▶ PROBLEM REQUIREMENTS:
From the listing below, output the lines between the one with "Figure 4: Front view of 132 Merner Avenue" and the one with "PE Spigot Elbow 22.5 Degree", including those two, and nothing else. Pictures are not copied.

***** MATERIAL PROVIDED

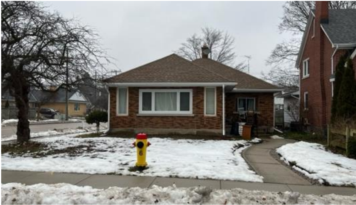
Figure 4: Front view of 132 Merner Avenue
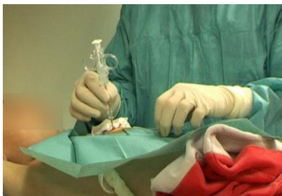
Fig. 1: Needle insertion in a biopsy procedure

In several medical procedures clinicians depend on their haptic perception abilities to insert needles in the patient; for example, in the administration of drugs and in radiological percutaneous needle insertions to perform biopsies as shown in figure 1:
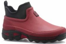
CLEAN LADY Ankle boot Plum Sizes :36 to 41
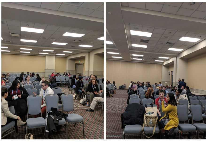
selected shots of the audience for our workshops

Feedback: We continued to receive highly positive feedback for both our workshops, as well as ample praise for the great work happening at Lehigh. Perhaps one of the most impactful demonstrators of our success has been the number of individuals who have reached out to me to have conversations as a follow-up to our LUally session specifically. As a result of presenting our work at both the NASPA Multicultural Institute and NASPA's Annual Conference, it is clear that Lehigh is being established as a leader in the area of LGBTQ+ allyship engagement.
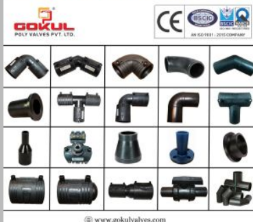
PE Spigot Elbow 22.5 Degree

**********
***** MATERIAL PROVIDED

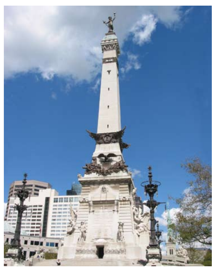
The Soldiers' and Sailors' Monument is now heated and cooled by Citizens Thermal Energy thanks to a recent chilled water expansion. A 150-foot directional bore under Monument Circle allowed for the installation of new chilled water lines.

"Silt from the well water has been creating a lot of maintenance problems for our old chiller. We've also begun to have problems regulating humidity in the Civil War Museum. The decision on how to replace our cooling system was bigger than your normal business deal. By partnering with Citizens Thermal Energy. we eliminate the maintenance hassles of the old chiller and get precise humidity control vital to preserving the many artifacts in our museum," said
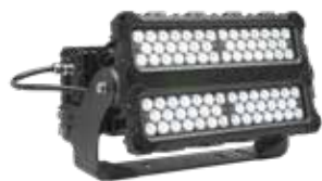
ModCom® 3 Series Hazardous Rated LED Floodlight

**********

▶ SOLUTION TO THIS PROBLEM:
Figure 4: Front view of 132 Merner Avenue
Fig. 1: Needle insertion in a biopsy procedure

In several medical procedures clinicians depend on their haptic perception abilities to insert needles in the patient; for example, in the administration of drugs and in radiological percutaneous needle insertions to perform biopsies as shown in figure 1:
CLEAN LADY Ankle boot Plum Sizes :36 to 41
selected shots of the audience for our workshops

Feedback: We continued to receive highly positive feedback for both our workshops, as well as ample praise for the great work happening at Lehigh. Perhaps one of the most impactful demonstrators of our success has been the number of individuals who have reached out to me to have conversations as a follow-up to our LUally session specifically. As a result of presenting our work at both the NASPA Multicultural Institute and NASPA's Annual Conference, it is clear that Lehigh is being established as a leader in the area of LGBTQ+ allyship engagement.
PE Spigot Elbow 22.5 Degree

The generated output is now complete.